O tempo passa e cada vez mais mudanças acontecem em nossas vidas; na verdade o que mais sabemos é que nada é eterno, que nada é perene, que tudo muda e muda rápido. Antigamente as doenças eram agudas, a população tinha uma baixa expectativa de vida, essencialmente pela ocorrência das doenças infecciosas. Com o passar do tempo e o advento de vacinas, descobertas no campo da microbiologia, desenvolvimento de medicações e de novas técnicas cirúrgicas e o surgimento de tecnologias inovadoras, a morte deixou de ser prematura e o que antes era incurável passou a ser curável. Eis que surge a falsa ideia de que “curar sempre é possível”.
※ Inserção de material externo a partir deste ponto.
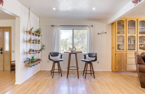Escape to a lovely Joshua Tree retreat! This home is near the park's entrance and offers beautiful desert views. It's a peaceful and private place, close to shops and galleries in town and not far from Palm Springs attractions.
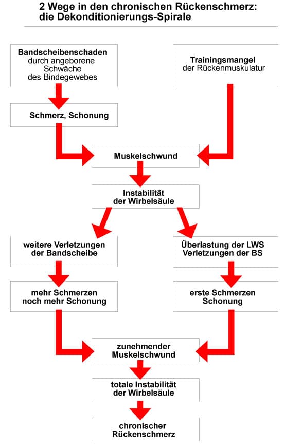 Die Instabilität der Wirbelsäule mit Zerrungen des Faserringes der Bandscheibe ist das zentrale Problem

Entretanto, no século 21, observamos o processo de envelhecimento mundial em um ritmo acelerado. Seja por progressos da tecnologia, por melhorias na condição de saúde, na evolução sociocultural e até mesmo nas flutuações político-econômicas, o envelhecimento nos traz desafios e nos exige soluções. No campo da saúde, a consolidação das doenças crônicas, degenerativas, associadas ou não ao envelhecimento, é um marco – que exige não apenas do sistema sanitário, mas também da população, uma mudança na forma de pensar o cuidar de uma pessoa, especialmente se idosa. Nesse contexto, se percebe que a vida tem limitações e, em paralelo, que a morte se tornou mais complexa, como um “evento frustrante” que antes não existia.
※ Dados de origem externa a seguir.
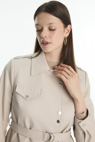 Ceket Yaka Kol Detaylı Vizon Trençkot 12667

A questão do envelhecimento nos pede a reflexão sobre as limitações: do corpo, dos recursos, das emoções; exige-nos compreender que a morte faz parte da vida e que não corresponde a um fracasso. Provavelmente, se conjecturarmos sobre aforismas desse século, pode-se apontar para o “curar quando razoável, frequentemente aliviar sintomas, mas confortar sempre”, uma vez que com o envelhecimento emerge o assunto morte e a melhor forma de lidar com ela é compreender que faz parte da natureza de qualquer ser vivo e não uma propriedade da ciência, seja da área da saúde.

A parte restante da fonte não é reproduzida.